→ **Record set**
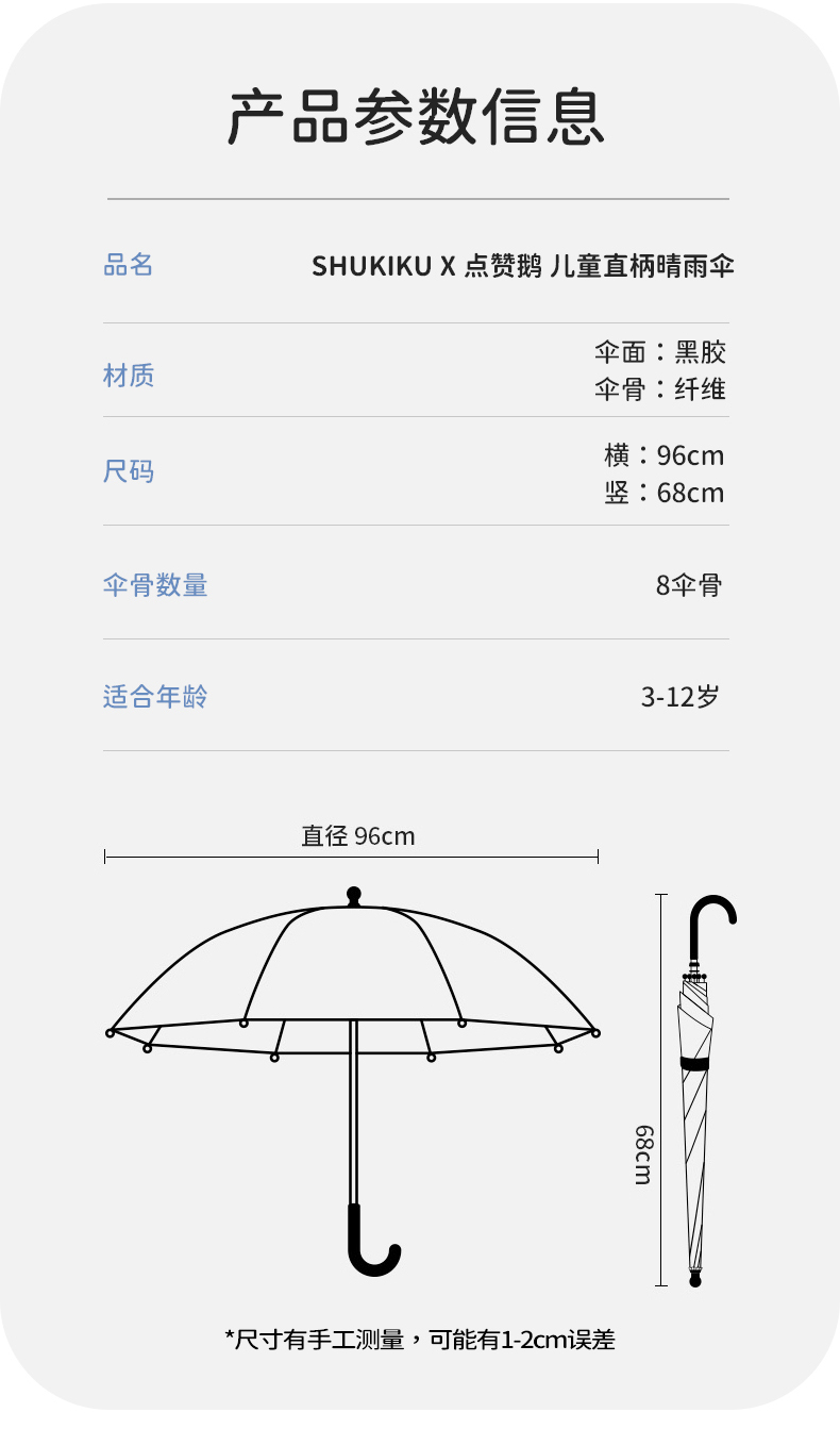 shukiku舒可酷x点赞鹅ip联名儿童晴雨伞
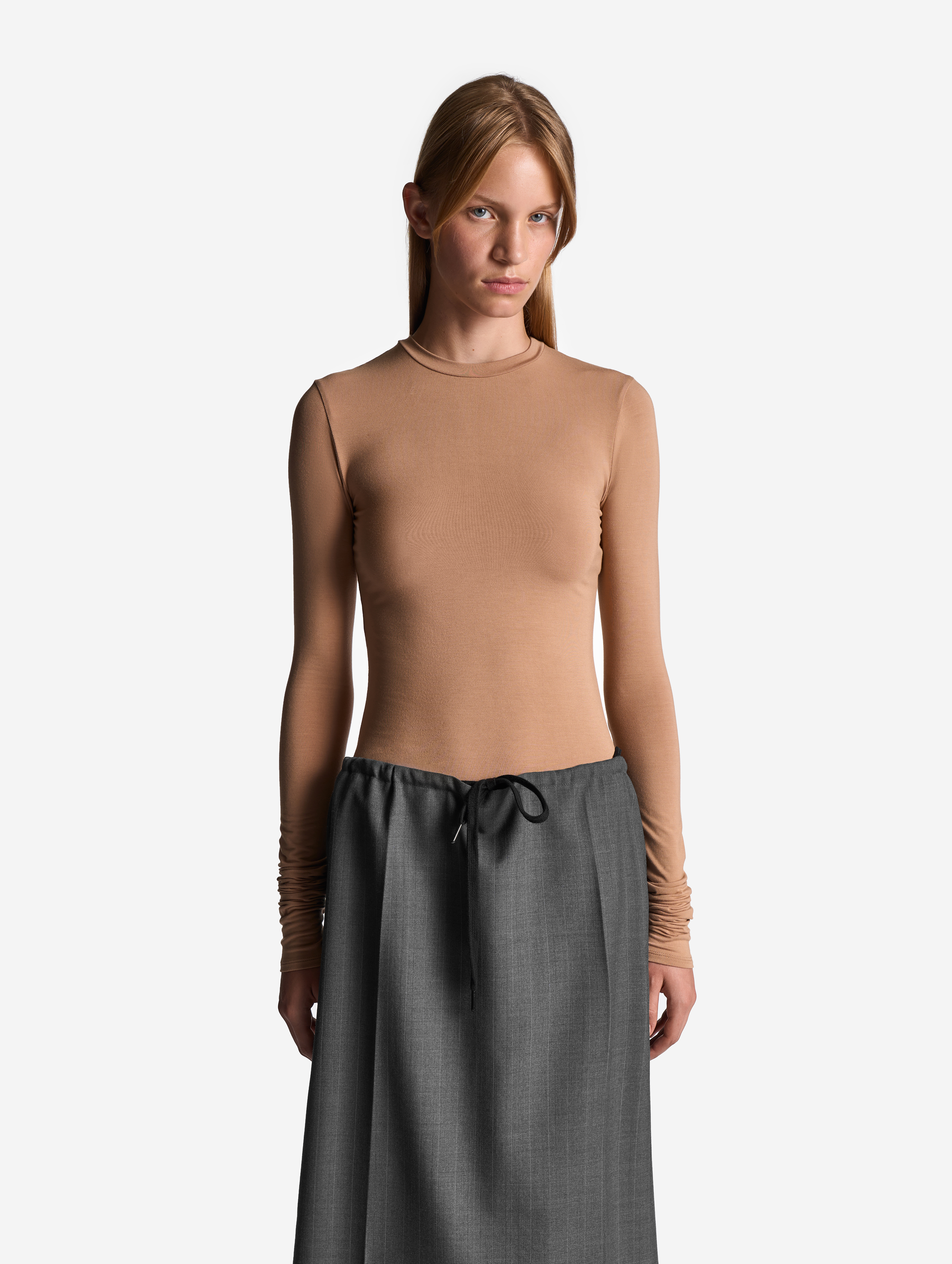 В словаре внутреннего пользования дизайн-команды Ushatava есть термин Sleek Fit. В переводе c английского слово sleek означает «гладкий», «изящный», что хорошо описывает силуэт этого лонгслива. Изделие тактично подстраивается под изгибы тела. У модели узкая горловина и удлиненные рукава, которые собираются в складки на запястьях. Лонгслив выполнен из вискозного трикотажа: он мягкий, гладкий, приятен для тела, хорошо тянется и не мнется.
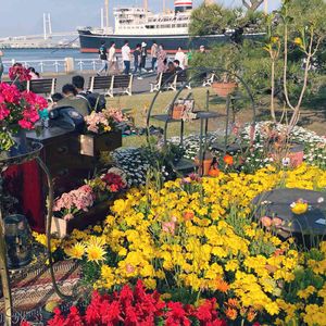 背景には船🚢 まさに横浜の花園🌸❤️ 魅せ方も勉強५✍ 苦手な分野💧 まずは寄せ植えを目指そう✨️
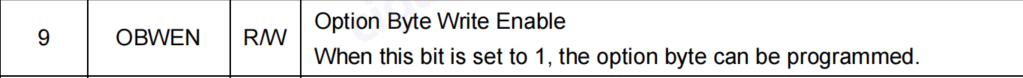 Before attempting to program or erase option bytes, you must set OBWEN (bit 9) to 1 to enable write accessd; _clear this bit and write operation will be disabled_.**
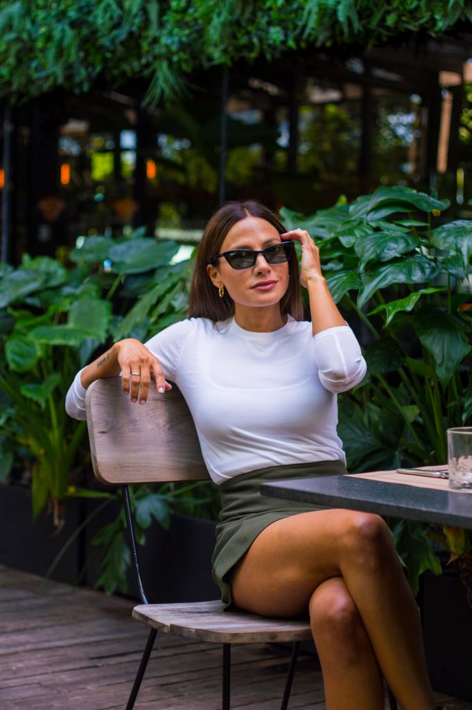 Es una mañana otoñal, para ser exacta, el primer día de la nueva estación. Hay solcito, pero la brisa del Río de La Plata hace lo suyo y enseguida refresca, como es habitual en Costanera. Tefi Russo, cocinera y creadora de contenido, llegó a la entrevista con su característica sonrisa y luciendo una pollera verde oscuro, sweater finito blanco, botas texanas y unos cancherísimos anteojos de sol negros. Enseguida, nos ubicamos en una de las cómodas mesas de la terraza del restaurante Happening, un clásico de todas las épocas que ella eligió especialmente para el encuentro.
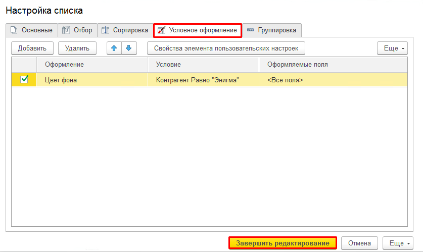 Во вкладке «Условное форматирование» у пользователя появится возможность настроить оформление справочника по определенным сведениям. К примеру, документы по контрагенту «Энигма» будут выделены цветом. Также можно настроить выделение отрицательной информации, отображение шрифта, доступность и видимость компонентов в справочнике.
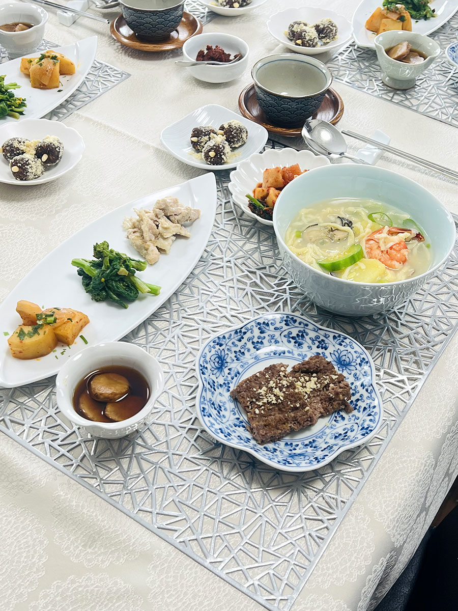 食事には、菊芋のしょうゆ漬け(チャンアチ)、大根キムチ(カクトゥギ)、蒸し鶏のエゴマ和え(タットゥルケムチム)、ジャガイモの甘辛煮(カムジャジョリム)もご用意。休憩時間にはチーズケーキに、きんかんの砂糖煮(クムギュルジョングァ)を添えました。

→ **Problem**
Write out exactly the lines of the material above, starting with the first and finishing with the line that contains "Before attempting to", without pictures.

→ **Response to this task**
 shukiku舒可酷x点赞鹅ip联名儿童晴雨伞
 В словаре внутреннего пользования дизайн-команды Ushatava есть термин Sleek Fit. В переводе c английского слово sleek означает «гладкий», «изящный», что хорошо описывает силуэт этого лонгслива. Изделие тактично подстраивается под изгибы тела. У модели узкая горловина и удлиненные рукава, которые собираются в складки на запястьях. Лонгслив выполнен из вискозного трикотажа: он мягкий, гладкий, приятен для тела, хорошо тянется и не мнется.
 背景には船🚢 まさに横浜の花園🌸❤️ 魅せ方も勉強५✍ 苦手な分野💧 まずは寄せ植えを目指そう✨️
 Before attempting to program or erase option bytes, you must set OBWEN (bit 9) to 1 to enable write accessd; _clear this bit and write operation will be disabled_.**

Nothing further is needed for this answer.